In February, newspapers reported on the death of a 4-year-old boy with influenza that might have been preventable. His mother followed advice of a large Facebook group called Stop Mandatory Vaccination. She administered homeopathic care instead of Tamiflu prescribed by her pediatrician, according to reports.
Facebook has been adding a disclaimer on pages with questionable content, including the Stop Mandatory Vaccination page, referring people to the Centers for Disease Control and Prevention website for “reliable, up-to-date information” on vaccines.
In Facebook’s home state of California, an anti-vaccine protestor threw a cup of menstrual blood on legislators who supported an immunization law that Dr. Pan authored. Bill opponents shared memes saying bill authors had blood on their hands. Robert F. Kennedy Jr. spoke at a rally in front of images of Dr. Pan’s face covered in blood. He compared the anti-vaccine protestors to Jews in the Warsaw ghetto during World War II. Many wore T-shirts with the same image of Dr. Pan’s bloodied face.

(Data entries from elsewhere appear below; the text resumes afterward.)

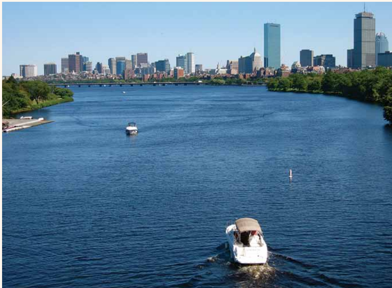
The downtown and Back Bay skyline.

Yankee Dental 2013 invites you to start your year off with a wealth of C.E. courses and social activities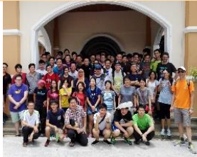
Motorola Solutions 21/9/2016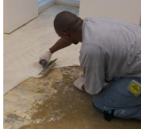
Apply adhesive to floor following manufacturer's recommendations

Once all of the cushion has been laid out, fold it back and apply adhesive to the floor. Do not staple. Special attention is to be directed to spreading the adhesive adjacent to the walls (cut-in) to prevent edge curling. Apply the adhesive with a notched trowel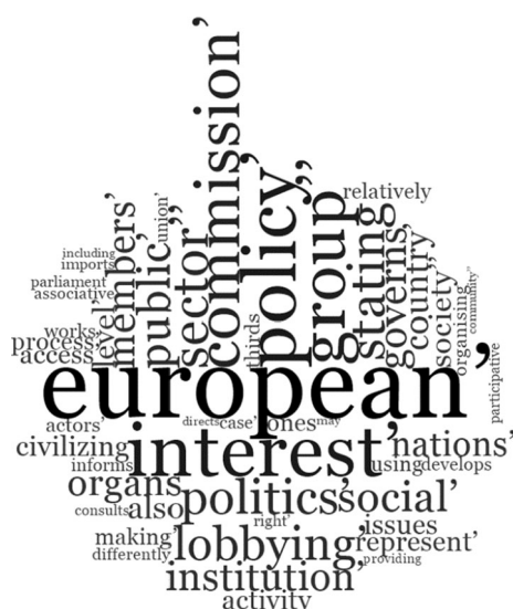
Fig. 6 Multiple frames

The three most popular frames on non-state actors in the EU emerging from the bibliographic analysis are ‘interest group’, ‘NGO’, ‘civil society organisation’, and the publications using multiple frames. Frame contents indicate that these connect with liberal democracy and pluralism (interest groups), governance (NGO), and deliberative/participatory democracy (CSO) ideals of the European polity. See Table 2.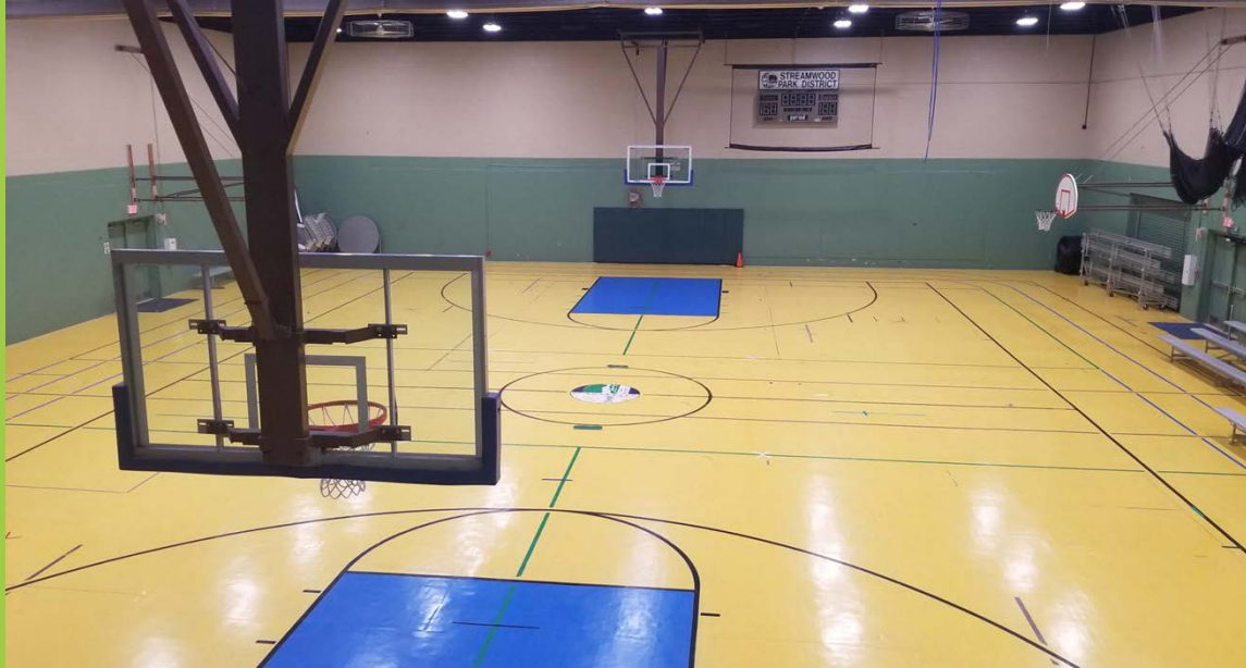
Current Gym Floor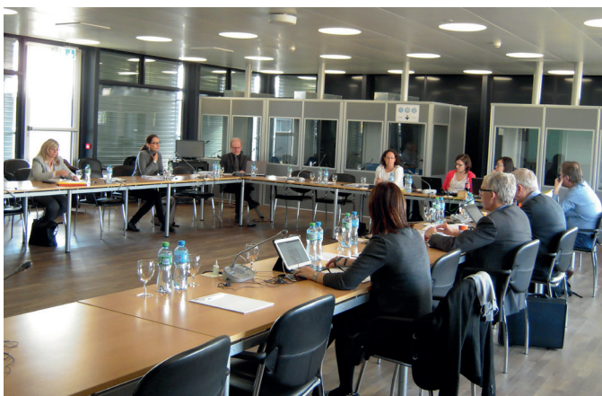
Data protection, PRR, ticketing: a very full agenda for the CIV Working Group

For now, it is anticipated that these modifications will be approved in writing by the CIV Committee in March/April 2018, so that the revised MIRT can come into force at the same time as the UIC leaflets.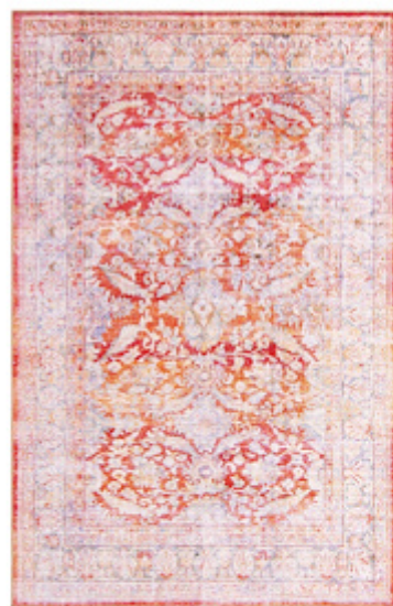
Unique Loom's Revival Collection combines traditional floral and tribal designs with bold contemporary colors. Dallas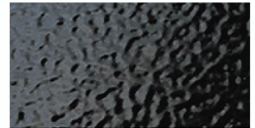
TEXTURED BLACK 091 ⚡

Pediatricians who have been attacked after raising their voices for vaccines say they remain undeterred, despite attempts to damage their personal and professional reputations.
Dr. Baldwin said she took a leap of faith and gave individuals she didn’t know from Shots Heard Round the World access to her Facebook page so they could counter negative ratings and delete, ban and block.
“I had to trust,” she said. “Anyone who experiences this, you have to decide, are you going to trust someone else to be in your page and doing this? The upside to all of this is that they were able to do all this while I was working and while I was taking care of my family.”
In the process, she made virtual friends with people around the world who watch for attackers and jump in to help at a moment’s notice.
“They’re amazing human beings, she said. “They’re not all doctors. They’re just people who support vaccines and support the message and want to help combat all of the misinformation that’s out there.”